Color encoding must be sRGB, and make use of the full range of possible values. Typically, a restored version of a document printed on a white page should contain an important number of pixels with value (255, 255, 255).
Data structure
Participant results will have to be comply with the following file hierarchy:
icdar_smartdoc17_reconstruction/ ├── sample01.png ├── sample02.png ├── ... └── sample30.png
File formats
- sampleXX.png
Same as ground_truth.png and ref_image.png from input data.
Evaluation and ranking of methods
The evaluation process for each pair (result image R, target image T), will work as follows.
- We register the two images precisely using local descriptors (SIFT in this case).
- We compare the signal of both images with a standard full-reference image quality assessment measure which was proved to exhibit a high correlation with human perceived quality.

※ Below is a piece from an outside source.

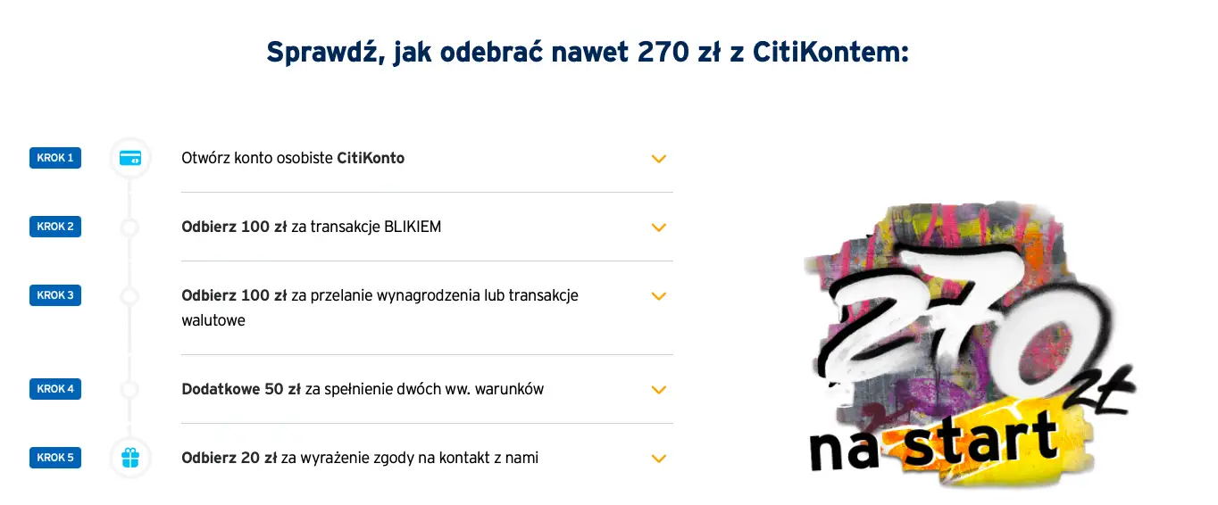 Nie tylko 270 zł na start! Z CitiKontem zyskujesz:

In order to give more importance to the preservation of characters shape than color accuracy, we will use a well-known windowed variant of the Structural Similarity (SSIM) measure. This measure considers the luminance channels of the images to compare and focuses on the dynamic of the signal rather than computing an intensity difference.
- The cumulated histogram of the windowed measured values will be computed and the area under the curve will be normalized and compared with a baseline to express a gain in dB.
The baseline used as a reference will be the interpolated image of the reference frame for which the document outline was provided.
The global score of each method will be computed as the average gain over the baseline, along with a confidence interval.
The final ranking of participants will be performed according to the global score their best method gets, provided the confidence interval allows us to discriminate among the methods. They will indeed be allowed to submit results for more than 1 method.
References:
- R. Sheikh, M. F. Sabir, et A. C. Bovik, « A statistical evaluation of recent full reference image quality assessment algorithms », Image Processing, IEEE Transactions on, vol. 15, nᵒ 11, p. 3440–3451, 2006.
- Z. Wang, A. C. Bovik, H. R. Sheikh, et E. P. Simoncelli, « Image quality assessment: From error visibility to structural similarity », Image Processing, IEEE Transactions on, vol. 13, nᵒ 4, p. 600–612, 2004.
Test set content
A new dataset will be created for this competition. It will be released first to participants after the competition, then publicly during the conference.
It will consist in 30 to 50 document “samples”. Each document will be captured only once, to prevent participants from using redundancy in a way which would be incompatible with the target use cases.
Invariants
Documents will be constrained to be planar and rectangular (no bottle labels, for instance). Small non-planar variations (because a paper sheet is not exactly flat) will be coped with by the evaluation process to ensure local alignment between ground truth and participant results.
Variables
- Documents types will be: conference posters, receipts, reflective documents (ids specimens for instance), projected slides.
- Users will be members of the lab or relatives, having different behaviors.
- Devices will be regular devices used by lab members
- Illumination will be realistic, with mostly indoor captures but also some outdoor ones.
- Blur will necessarily be present but will not be intentional.
- Motion will be realistic, with different uses cases: orientation variation with full document visible (to try to remove highlights or occlusion for example), sweep over the document (long receipt for instance), dig into details (for posters, or when ambient conditions produce blurry details).